December 27,2019 at 11:38AM UTC
What I and others on our team, all with computer science degrees, were hired to do 5-12 years ago: write API documentation and detailed configuration documentation for an application built on top of SAP. This work leveraged my developer, PM, and "back end"/API technical writing skills and experience.
What a new non-technical manager is requiring us to do: Create end user help screens and associated manuals consisting of a data entry or report screen capture and the help screen contents for clerical and power users skilled in the application focus area (corporate credit rating) but with light to intermediate computer skills. These duties leverage my keyboarding skills, (somewhat insufficient) ability to repetitively perform the same sequence of steps, and (somewhat insufficient) ability to follow an ungrammatical style guide because "those are the rules the users want". We're writing absurdly surface level documentation I'd consider placeholder level only, for each of thousands of screens in the application.
The tool in which we write is a closed-architecture multi-tier custom application that makes even partial automation of the work impossible.
Would you agree that my principal technical writer role that, under a previous manager, involved daily tasks like scanning through source code, writing client code samples, and writing detailed configuration documentation has been dumbed down considerably? I believe I could have done this work as a college student, and I've gained a lot of expertise since those days.

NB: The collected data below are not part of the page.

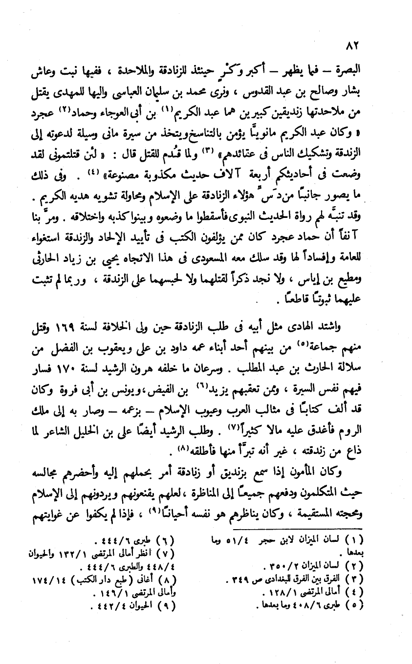 واشتد الهادى مثل أبيه فى طلب الزنادقة حين ولى الخلافة لسنة 169 وقتل منهم جماعة (¬5) من بينهم أحد أبناء عمه داود بن على ويعقوب بن الفضل من سلالة الحارث بن عبد المطلب. وسرعان ما خلفه هرون الرشيد لسنة 170 فسار فيهم نفس السيرة، وممن تعقبهم يزيد (¬6) بن الفيض، ويونس بن أبى فروة وكان قد ألف كتابا فى مثالب العرب وعيوب الإسلام-بزعمه-وصار به إلى ملك الروم فأغدق عليه مالا كثيرا (¬7). وطلب الرشيد أيضا على بن الخليل الشاعر لما ذاع من زندقته، غير أنه تبرّأ منها فأطلقه (¬8).
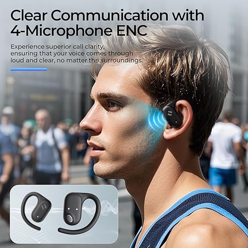 {OWS915} Open-Ear Design, Ultra-Comfortable and Secure Fit: Experience unparalleled comfort with our Open-Ear Headphones, designed with a lightweight fit (weighing only 7.9 grams) and soft TPU materials, ensuring a gentle embrace on your ears for hours of listening pleasure without fatigue while ensuring a stable fit
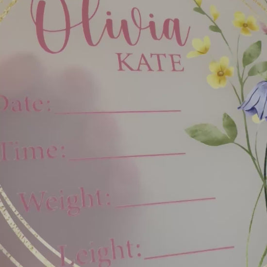 Celebrate your new baby with a acrylic birth announcement sign. Perfect as a newborn photo prop for those Fresh 48 pictures taken in the hospital or gift the mom to be as a baby shower gift.
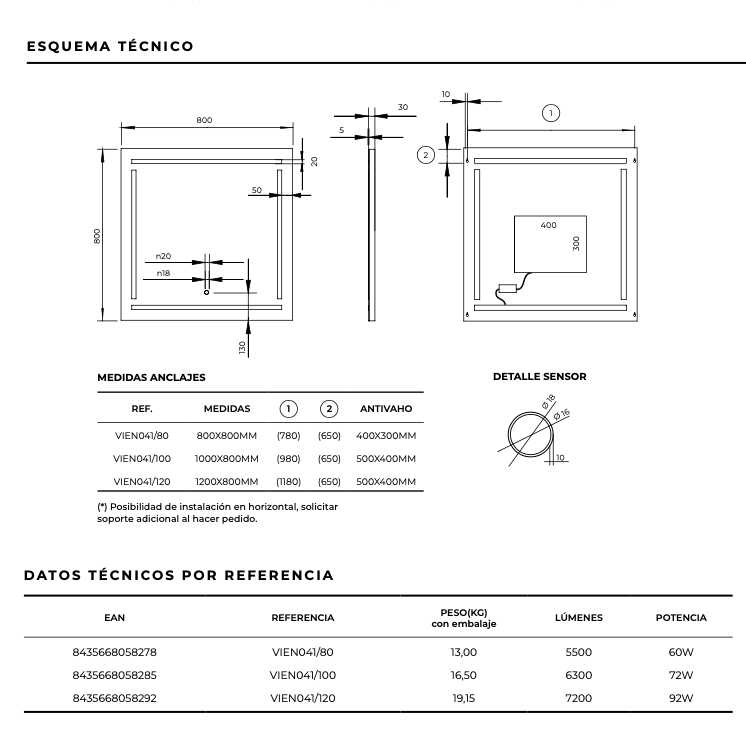 Sensor: ON/OFF lighting and built-in ANTI-FOG system.
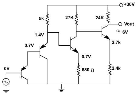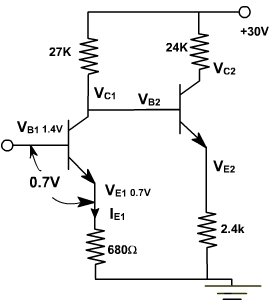 The quiescent V CE of the first transistor is only 0.7V and the quiescent of the second transistor is only 1.4V. Both the transistors are operating in active region because VCE(sat) is only 0.1 volt. The input is only in mV, which means that these transistors continue to operate in the active region when a small signal is present.
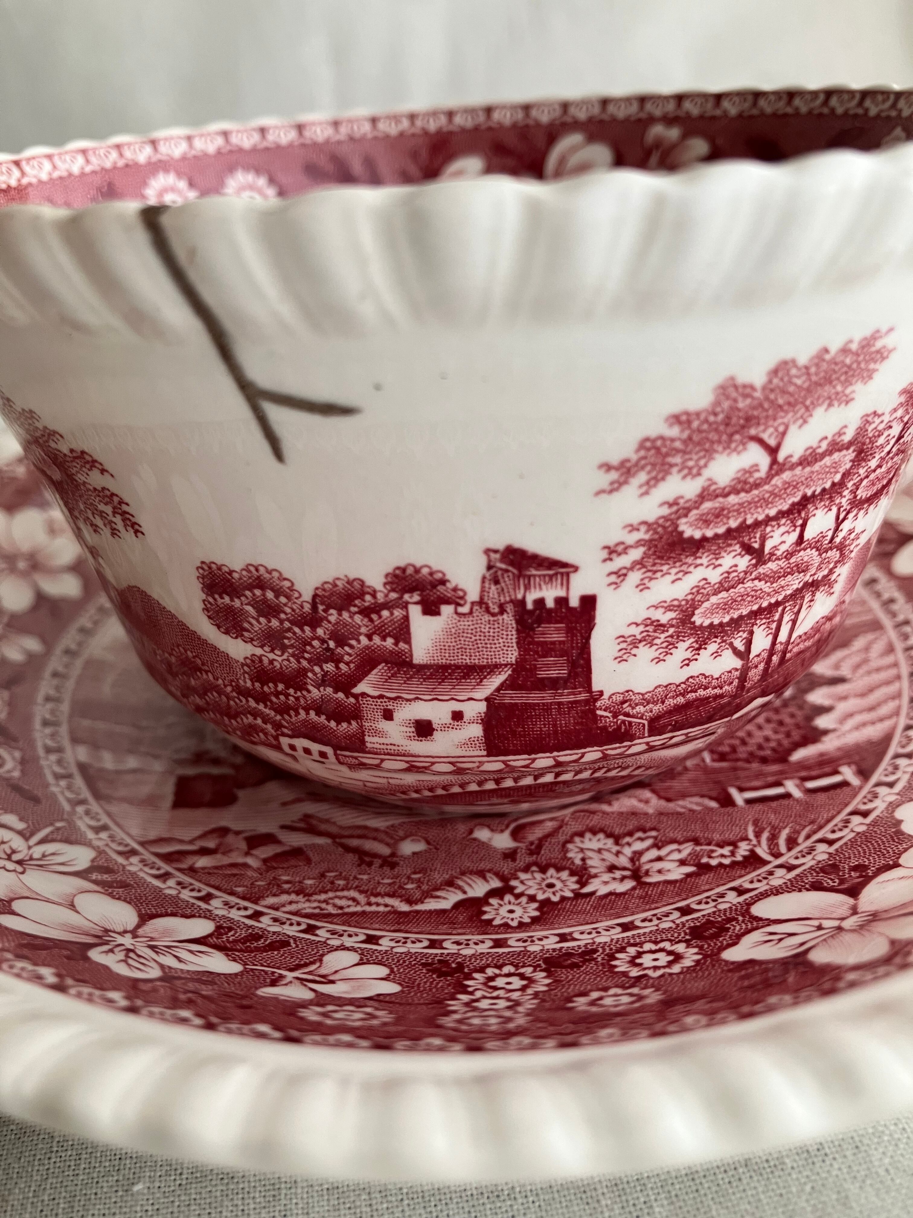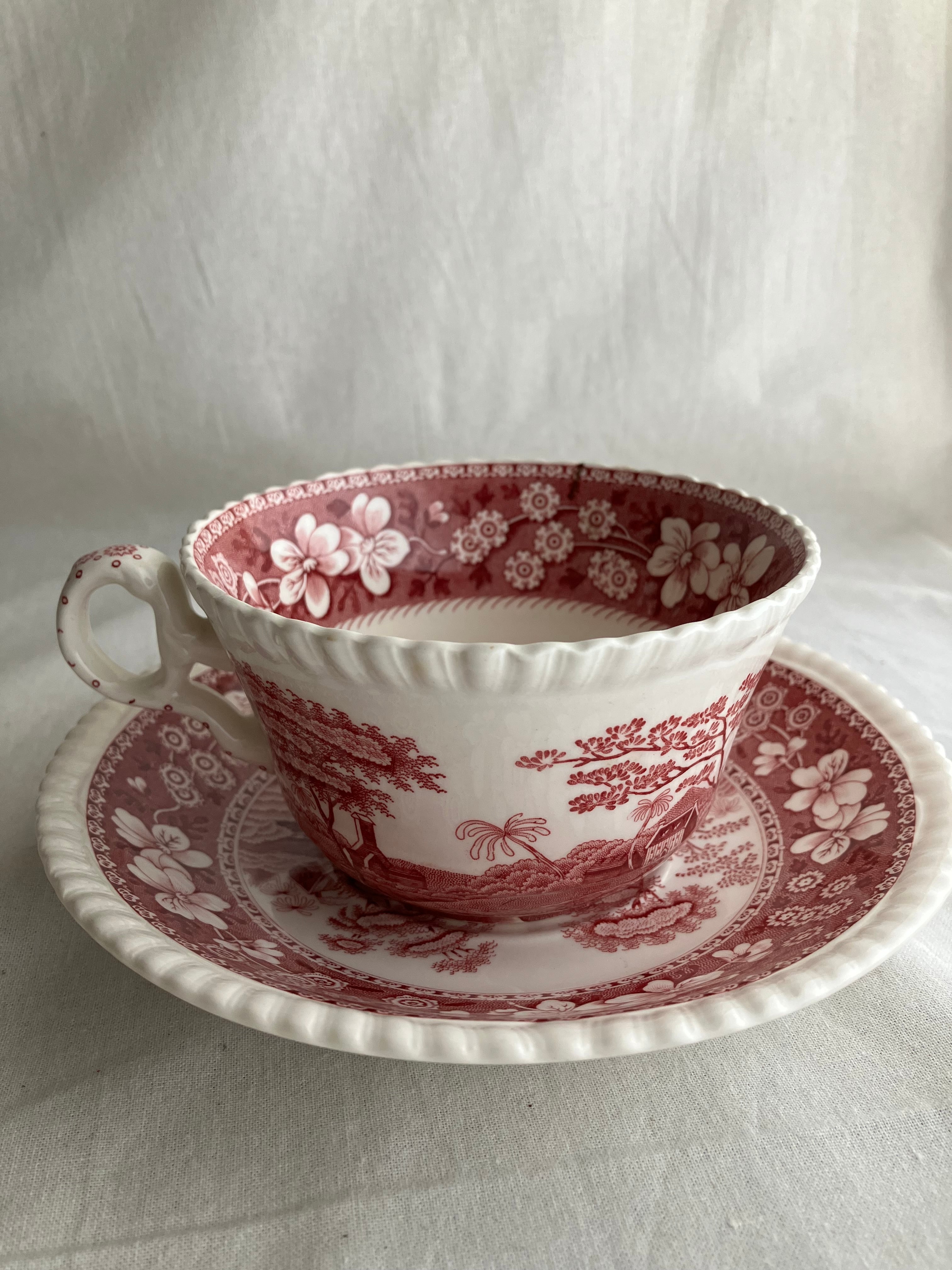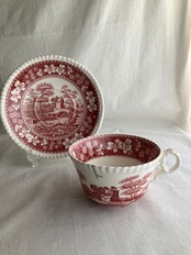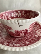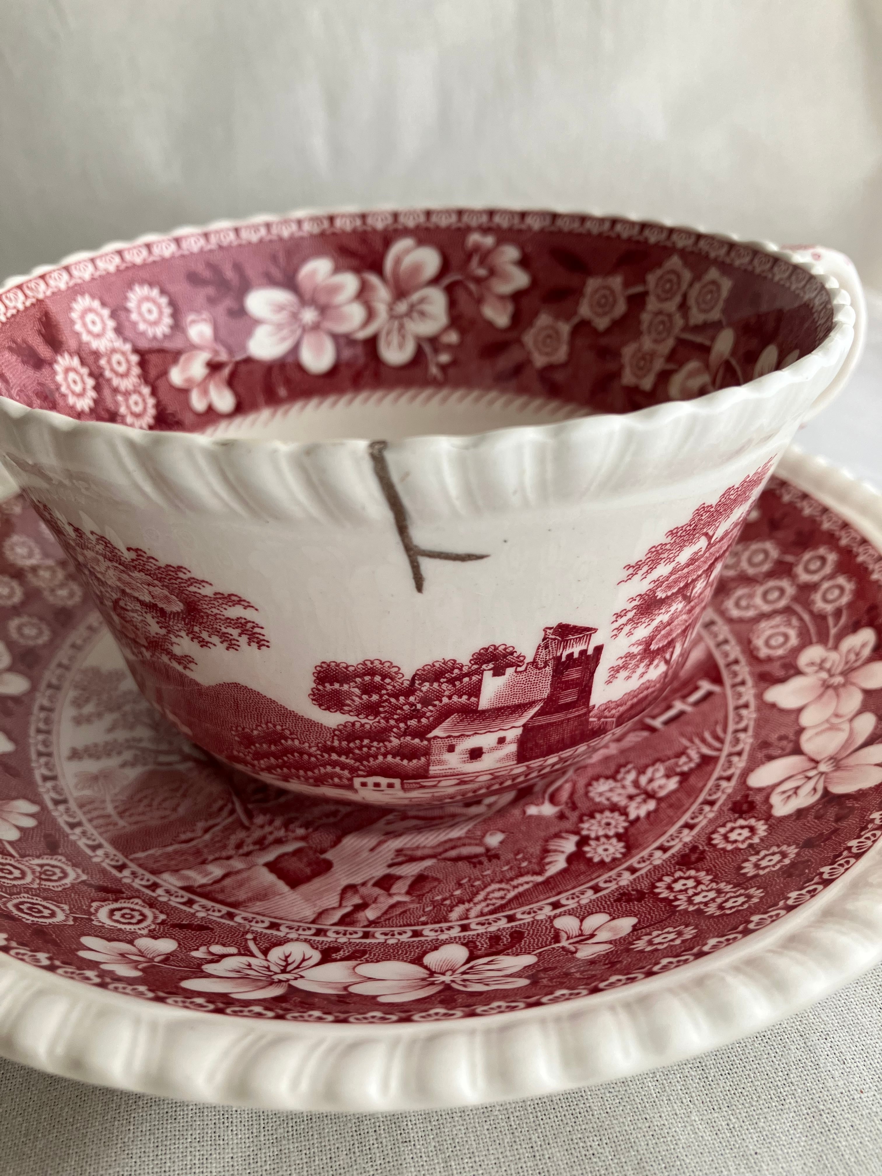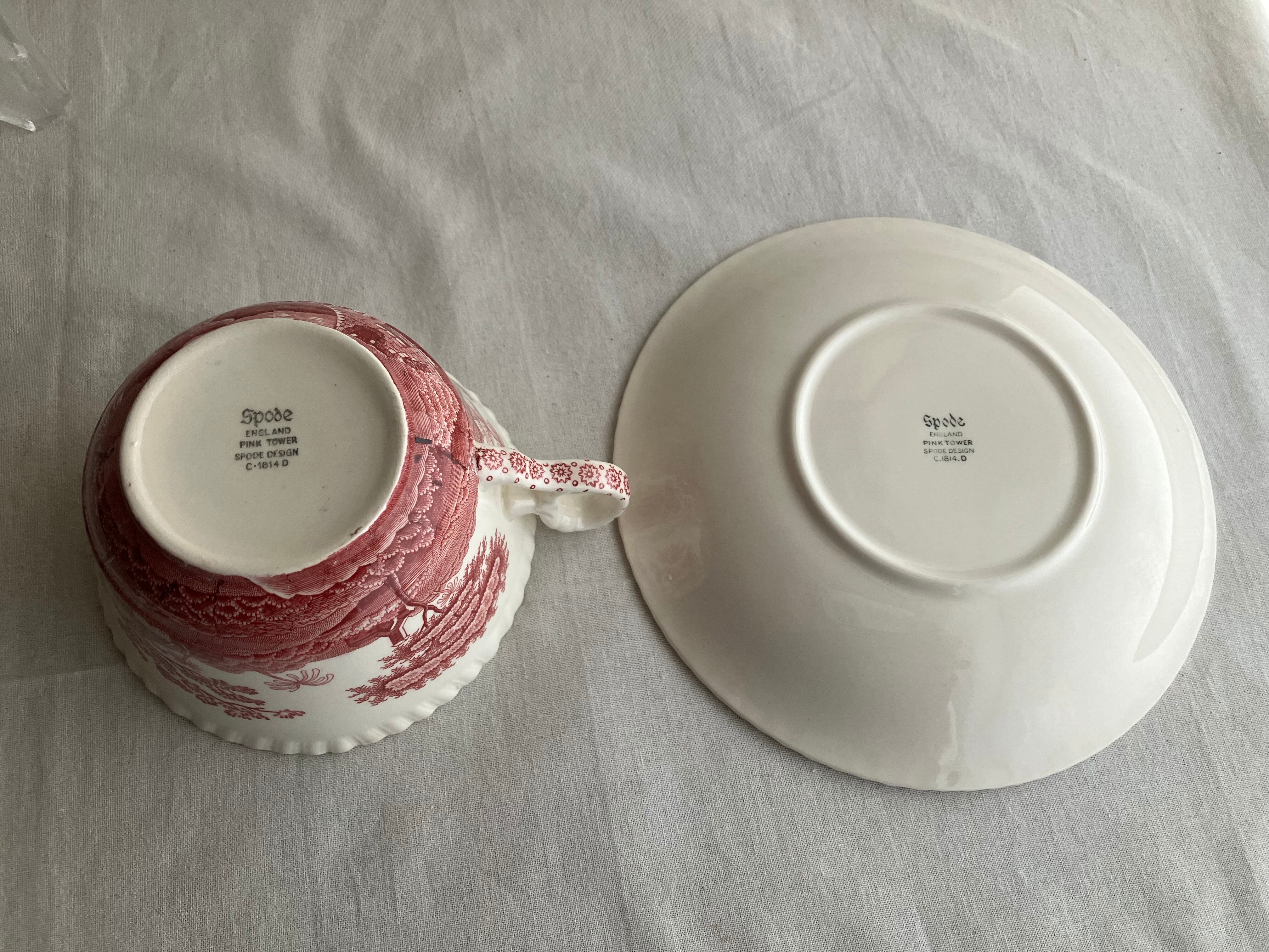 カップ&ソーサー SPODE ピンクタワー 【金継ぎ修理(錫)】PC0016

The new work does not leverage any of my technical skills, and I don't possess the application specific (corporate credit rating analysis) skills that would be useful, and which a new non-technical hire on the team does possess. Could management partially make up for that by providing access to the credit rating SMEs who design the product? Yes, but "we'd be a disruption" to their work, so we only have sporadic access to them. The work also does not involve use of my information architecture know-how either, because the end users dictated to our manager what they wanted the documentation to look like, and she has run with it. She is completely disinterested in input from the experienced writers on the team regarding the format.
My frustration with this state of affairs is considerable. Our team of writers with undergraduate or graduate degrees in CS are significantly underutilised - as clerks rather than as an experienced tech workers and content creators. Our original positions still exist in name (job title and compensation level) only, and we've been silently slotted into these lower level roles without the opportunity to opt for a redundancy payout due to the loss of our original roles.
Lest you read this and think, "Wait, an easier job for the same pay? Shut up and take the money!", consider that lower level work isn't necessarily easier for high level technical people to perform. The work is monotonous and creativity has no place in it. Additionally, the requirement to avoid detail is counter to the requirements of most technical writing I've done, and my own standards as an engineer. I'm aware every hour I spend at this that I'm losing technical skills I'm not using. Due to long days and a long commute combined with family responsibilities, playing with code at night after work to keep my skills up isn't feasible.
I suppose the kicker was that it recently affected my ability to regain employment that is a match for my skills and technical aptitude. A recruiter from one of the FANG companies reached out to me based on my (now outdated) online CV that focused on my highly technical writing. She immediately lost interest when she heard that I've spent the past year writing end user database application help screens.
Unfortunately, there's a reason that I'm hesitating to change employers. I am just a couple years away from a high-5-figures amount vesting. The employment contract states that if laid off, any pending amounts vest on a pro-rata basis, so I'd be entitled to 2/3 of it. If I walk, I get none of it.
So I'm strategizing on how to ask for a payout based on my role being eliminated and this new role, despite carrying a similar title, involving very different skills and experience than what I bring to the table.
Have any fellow FGBers successfully negotiated a package when in a similar situation?
And before you ask: Yes, it is possible they're trying to get us to resign so that they don't have to pay out a few hundred thousand dollars total, to us. There's no way to know for sure.
Secondarily: Any ideas on how to keep potential employers from "switching off" when they hear I've been writing end user documentation for over a year, given that this isn't a role I ever would have accepted if those had been the duties originally?